▶ [Instructions to follow]:
The entries below contain pictures. Write out only the lines from the line with "Las tarifas, condiciones" up to and including the line with "在分享环节,学生们围坐在一起", exactly, without them.

▶ [Dataset entries]:

═══

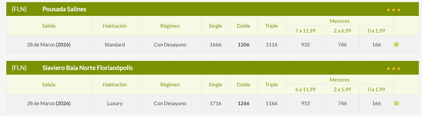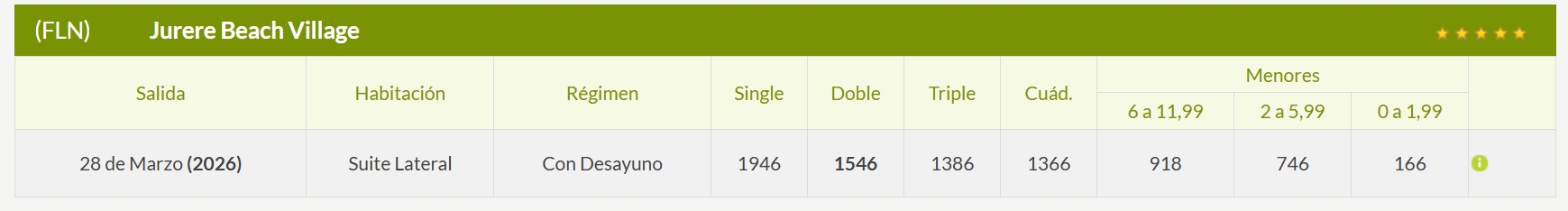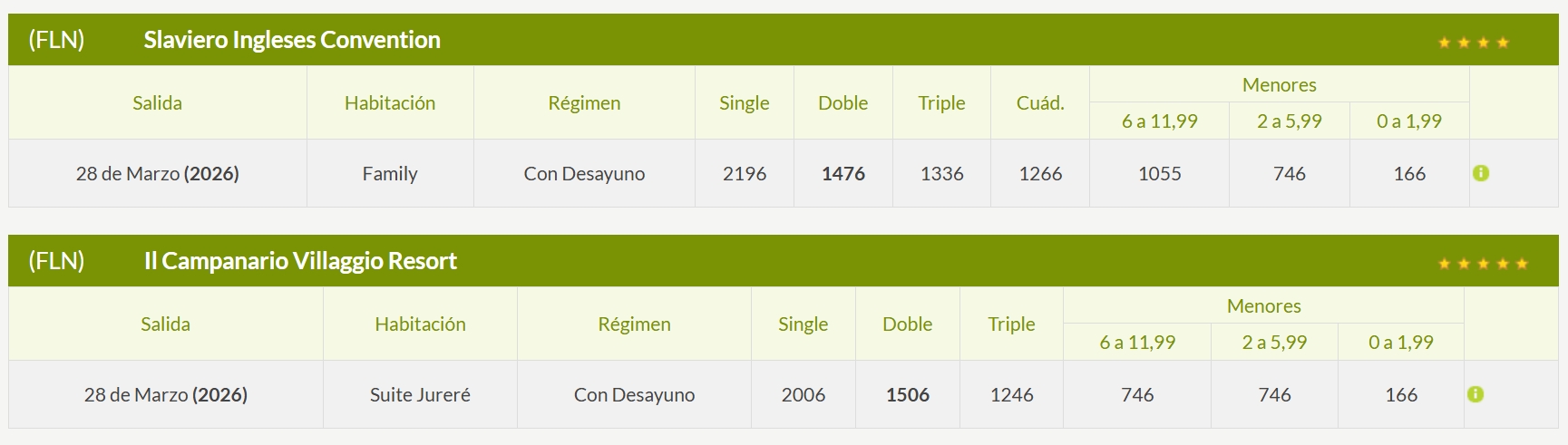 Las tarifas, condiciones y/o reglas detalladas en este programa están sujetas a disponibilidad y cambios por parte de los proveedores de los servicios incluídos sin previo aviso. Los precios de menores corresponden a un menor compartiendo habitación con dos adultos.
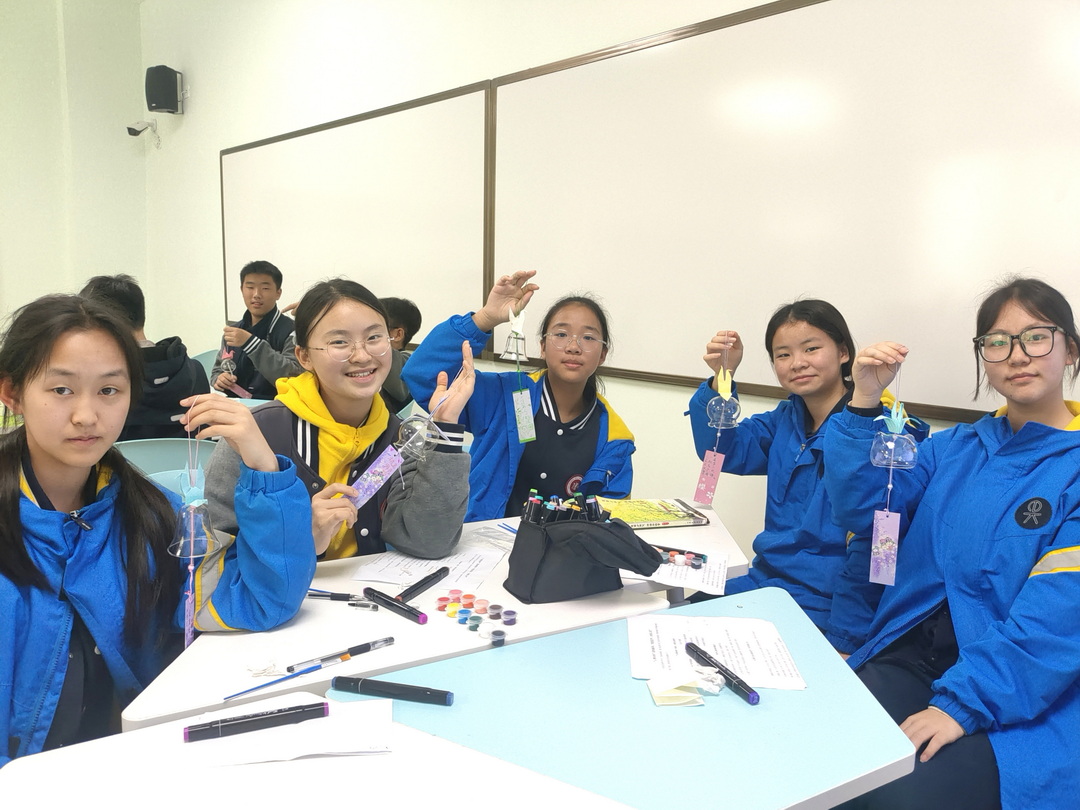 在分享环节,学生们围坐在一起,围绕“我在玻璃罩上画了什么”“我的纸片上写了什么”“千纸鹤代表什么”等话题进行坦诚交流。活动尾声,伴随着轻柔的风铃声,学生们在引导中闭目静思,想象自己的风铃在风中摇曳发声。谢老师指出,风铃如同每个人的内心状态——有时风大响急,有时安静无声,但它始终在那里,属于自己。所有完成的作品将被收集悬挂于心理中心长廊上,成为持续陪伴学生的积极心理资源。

═══

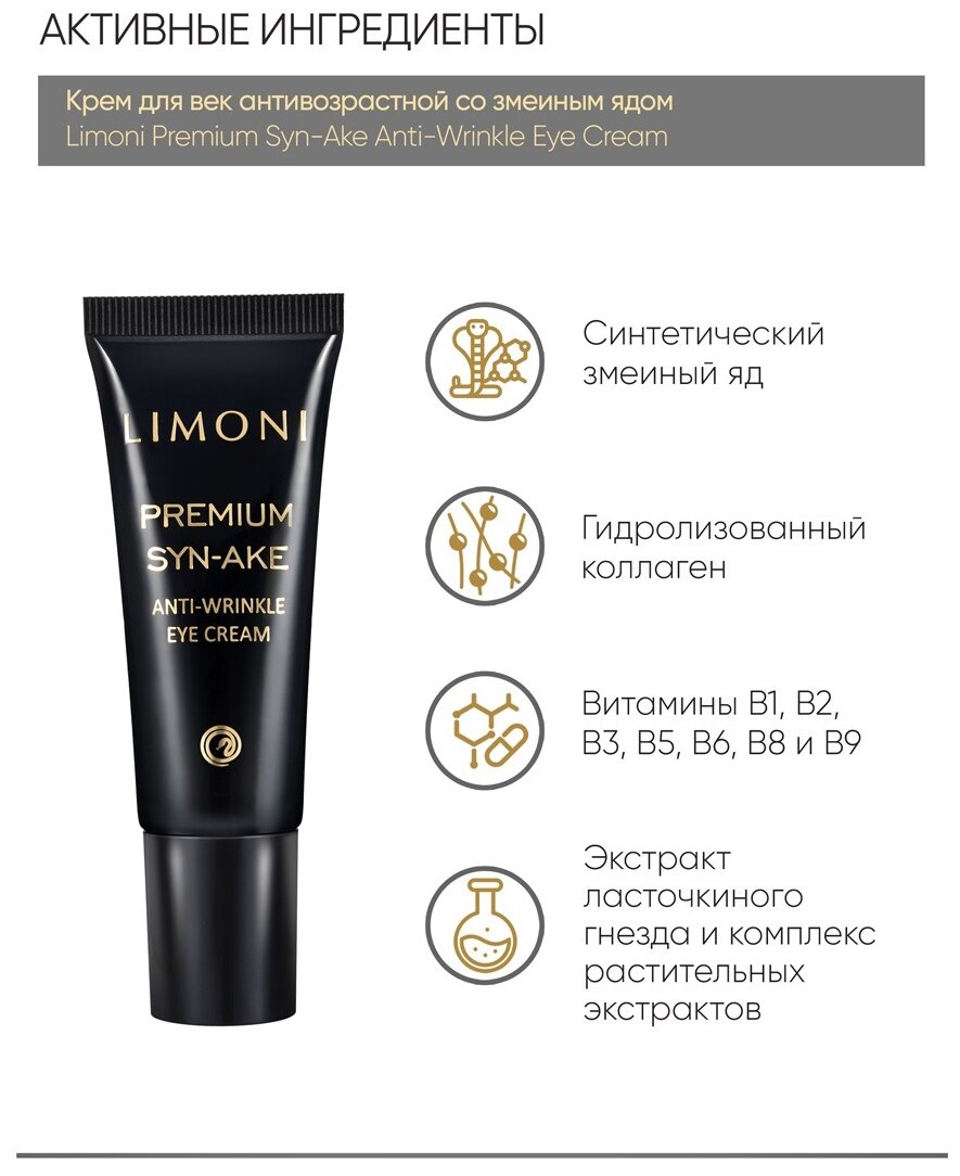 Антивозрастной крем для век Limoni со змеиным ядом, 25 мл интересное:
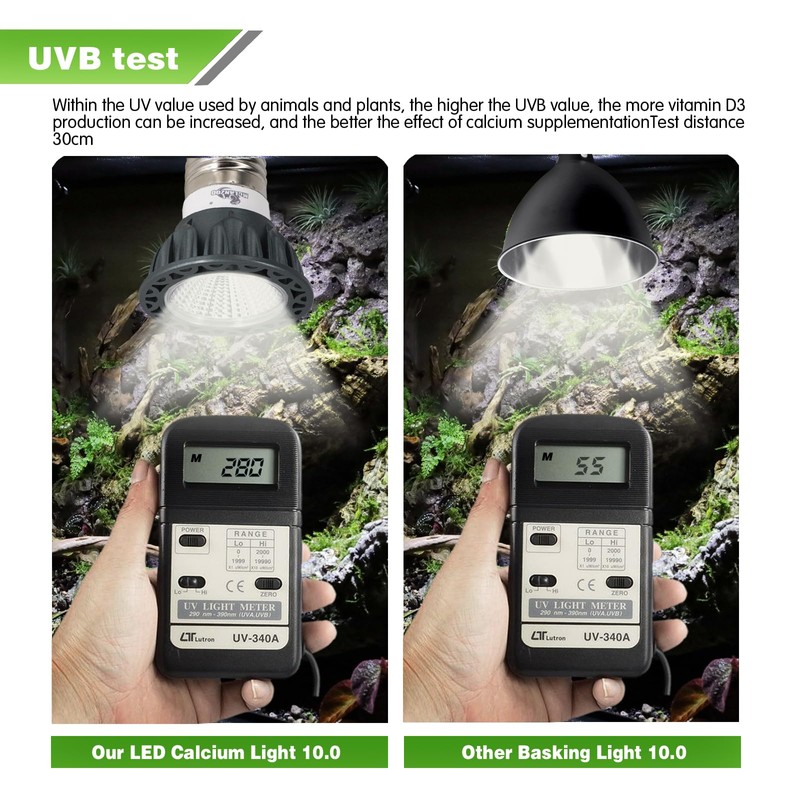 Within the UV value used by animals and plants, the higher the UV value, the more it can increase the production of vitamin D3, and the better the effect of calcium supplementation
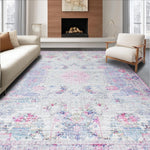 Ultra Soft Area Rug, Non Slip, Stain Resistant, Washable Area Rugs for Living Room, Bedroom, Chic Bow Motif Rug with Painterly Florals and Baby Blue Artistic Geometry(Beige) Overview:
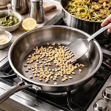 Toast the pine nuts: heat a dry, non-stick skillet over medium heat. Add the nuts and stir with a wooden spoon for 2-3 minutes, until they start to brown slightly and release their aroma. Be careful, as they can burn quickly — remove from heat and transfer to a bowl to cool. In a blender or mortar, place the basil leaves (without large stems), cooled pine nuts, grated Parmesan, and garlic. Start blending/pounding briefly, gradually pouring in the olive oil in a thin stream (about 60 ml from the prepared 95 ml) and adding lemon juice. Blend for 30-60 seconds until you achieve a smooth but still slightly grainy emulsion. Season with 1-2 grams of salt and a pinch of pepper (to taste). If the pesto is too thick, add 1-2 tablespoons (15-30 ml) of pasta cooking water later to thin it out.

═══

▶ [Answer section]:
 Las tarifas, condiciones y/o reglas detalladas en este programa están sujetas a disponibilidad y cambios por parte de los proveedores de los servicios incluídos sin previo aviso. Los precios de menores corresponden a un menor compartiendo habitación con dos adultos.
 在分享环节,学生们围坐在一起,围绕“我在玻璃罩上画了什么”“我的纸片上写了什么”“千纸鹤代表什么”等话题进行坦诚交流。活动尾声,伴随着轻柔的风铃声,学生们在引导中闭目静思,想象自己的风铃在风中摇曳发声。谢老师指出,风铃如同每个人的内心状态——有时风大响急,有时安静无声,但它始终在那里,属于自己。所有完成的作品将被收集悬挂于心理中心长廊上,成为持续陪伴学生的积极心理资源。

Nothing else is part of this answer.